Originally shot in 1976, Duke Mitchell’s film was not finished until 2009, not by Mitchell himself, who by this time had died, but by Bob Murawski (editor on The Hurt Locker) and Sage Stallone. They discovered the negative and an unfinished 5 hour long work print in Mitchell's parking garage several years after his death.  Piecing the film together was a challenge as there was no existing script.and five reels of the rough cut were missing and never found. As a result the version of the film we are seeing, although only 83 minutes long, took 15 years to complete.

Perhaps then not all the credit for the outcome can go to Mitchell, who also wrote the script and plays the central character, but whichever way you cut it, Gone With The Pope, wittily renamed from the cruder original title, "Kiss The Ring". is a triumph of B-movie parody, ripe with black humour, low budget production values and sub-standard acting (Paul’s girlfriend, played by Jeanne Hibbard is a standout in this department). It is certainly a front-runner for the funniest film of the year, if not a good deal longer.

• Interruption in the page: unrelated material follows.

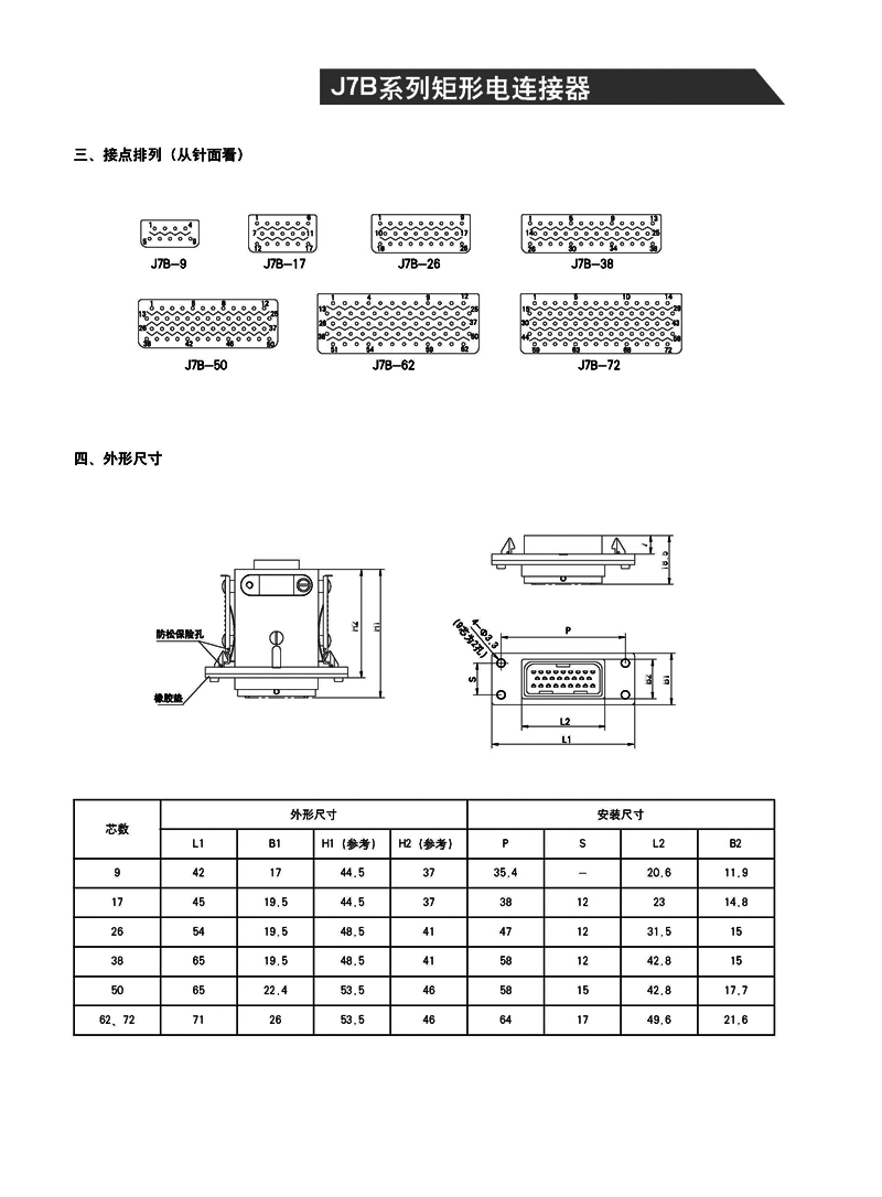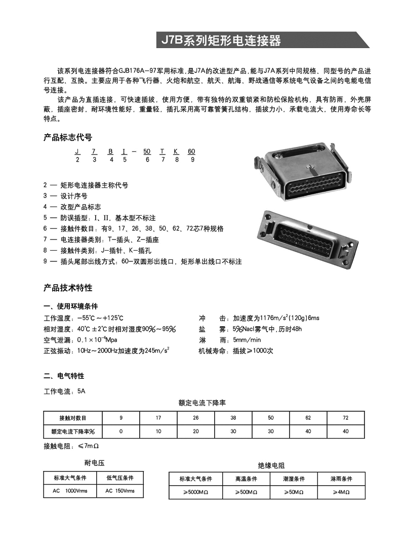 J7B矩形電連接器為直插連接,可快速插拔,使用方便,帶有獨特的雙重鎖緊和防松保險機構(gòu),具有防雨,外殼屏蔽,插座密封,耐環(huán)境好,重量輕,插孔采用高可靠管簧孔結(jié)構(gòu),插拔力小,承載電流大,使用壽命長等特點。

Unlike another film currently doing the rounds and trying to pass itself off as a glorious catastrophe, Tommy Wiseau’s The Room, Gone With The Pope makes no pretence to being anything other than ribald good fun. Not only is it deliciously tongue-in-cheek as it goes about taking the mickey out of exploitation films but its checkered production history (it was only shot on weekends using 35mm short ends with Mitchell constantly trying to raise money to continue the shoot) gives the film the kind of makeshift quality that simply cannot be bought. The pricelessly authentic 70s kitsch décor, including performances from an incorrigibly tacky Las Vegas show band, Frankie Carr & The Novelites just adds another dimension of  bad taste to Mitchell’s already well-developed flair for such things (a scene involving an obese naked woman gives John Waters a run for his money)..

Mitchell’s only other film was Massacre Mafia Style, aka The Executioner (1978), which I have not seen but Gone With The Pope will ensure that he is counted amongst the greats of cult film-making.